I also found there is a fortran version of fix step RK method for SDE, by John Burkardt,

https://people.math.sc.edu/Burkardt/f_src/stochastic_rk/stochastic_rk.html

It is based on Kasdin’s method,

1. Jeremy Kasdin,
   Runge-Kutta algorithm for the numerical integration of stochastic differential equations,
   Journal of Guidance, Control, and Dynamics,
   Volume 18, Number 1, January-February 1995, pages 114-120.
2. Jeremy Kasdin,
   Discrete Simulation of Colored Noise and Stochastic Processes and 1/f^a Power Law Noise Generation,
   Proceedings of the IEEE,
   Volume 83, Number 5, 1995, pages 802-827.

Eqns is simple,

image1061×870 17 KB

Although John’s version is for just for one SDE which means it is a scaler version, it is trivial to extend it to make the vector version to solve SDEs. For example, a 2D version (so 2 SDEs) can be like this in Fortran,

subroutine rk4_ti_step_vec_mod ( x, t, h, q, fi, gi, n, xstar )
use random
implicit none
interface				   !! Declare function        
    function fi ( x ) result (f)
    use constants
    real ( kind = r8 ) :: f(2)
    real ( kind = r8 ) :: x(2)
    end function
    function gi ( x ) result (g)
    use constants
    real ( kind = r8 ) :: g(2)
    real ( kind = r8 ) :: x(2)
    end function      
end interface
integer ( kind = i8 ) n
real ( kind = r8 ) h
real ( kind = r8 ) k1(n)
real ( kind = r8 ) k2(n)
real ( kind = r8 ) k3(n)
real ( kind = r8 ) k4(n)
real ( kind = r8 ) q

real ( kind = r8 ) t
real ( kind = r8 ) t1
real ( kind = r8 ) t2
real ( kind = r8 ) t3
real ( kind = r8 ) t4
real ( kind = r8 ) w1
real ( kind = r8 ) w2
real ( kind = r8 ) w3
real ( kind = r8 ) w4
real ( kind = r8 ) x(n)
real ( kind = r8 ) x1(n)
real ( kind = r8 ) x2(n)
real ( kind = r8 ) x3(n)
real ( kind = r8 ) x4(n)
real ( kind = r8 ) xstar(n)

real ( kind = r8 ), parameter :: a21 = 2.71644396264860_r8 &
,a31 = - 6.95653259006152_r8 &
,a32 =   0.78313689457981_r8 &
,a41 =   0.0_r8 &
,a42 =   0.48257353309214_r8 &
,a43 =   0.26171080165848_r8 &
,a51 =   0.47012396888046_r8 &
,a52 =   0.36597075368373_r8 &
,a53 =   0.08906615686702_r8 &
,a54 =   0.07483912056879_r8

real ( kind = r8 ), parameter, dimension(4) :: qs = [ 2.12709852335625_r8 &
    ,2.73245878238737_r8 &
    ,11.22760917474960_r8 &
    ,13.36199560336697_r8 ]

real ( kind = r8 ) :: qoh
real ( kind = r8 ) :: warray(n,4)
integer (kind = i8) :: i

qoh = q / h

do i =1,4
    warray(:,i) = gaussian(n)*sqrt(qs(i)*qoh)
enddo

!t1 = t
x1 = x
k1 = h * ( fi ( x1 ) + gi ( x1 ) * warray(:,1) ) 

!t2 = t1 + a21 * h
x2 = x1 + a21 * k1
k2 = h * ( fi ( x2 ) + gi ( x2 ) * warray(:,2) )
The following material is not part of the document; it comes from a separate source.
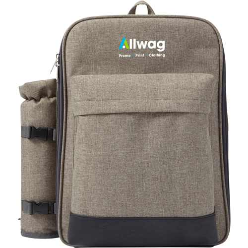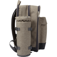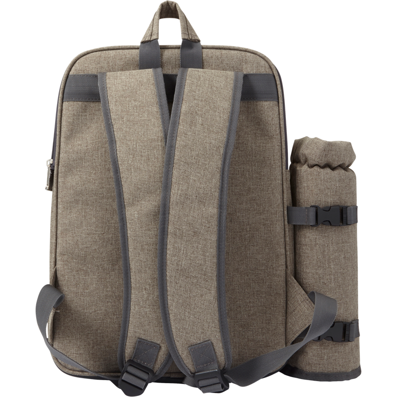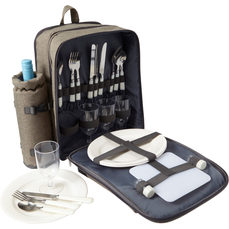 Polyester (600D) picnic rucksack with plastic cutlery for four people and a large cooling compartment. With an extra bottle holder and a set of salt and pepper shakers.

!t3 = t1 + ( a31  + a32 )* h
x3 = x1 + a31 * k1 + a32 * k2
k3 = h * ( fi ( x3 ) + gi ( x3 ) * warray(:,3) )

!t4 = t1 + ( a41  + a42 + a43 ) * h
x4 = x1 + a41 * k1 + a42 * k2 + a43 * k3 ! the a43 * k3 seems need to be added.
k4 = h * ( fi ( x4 ) + gi ( x4 ) * warray(:,4) )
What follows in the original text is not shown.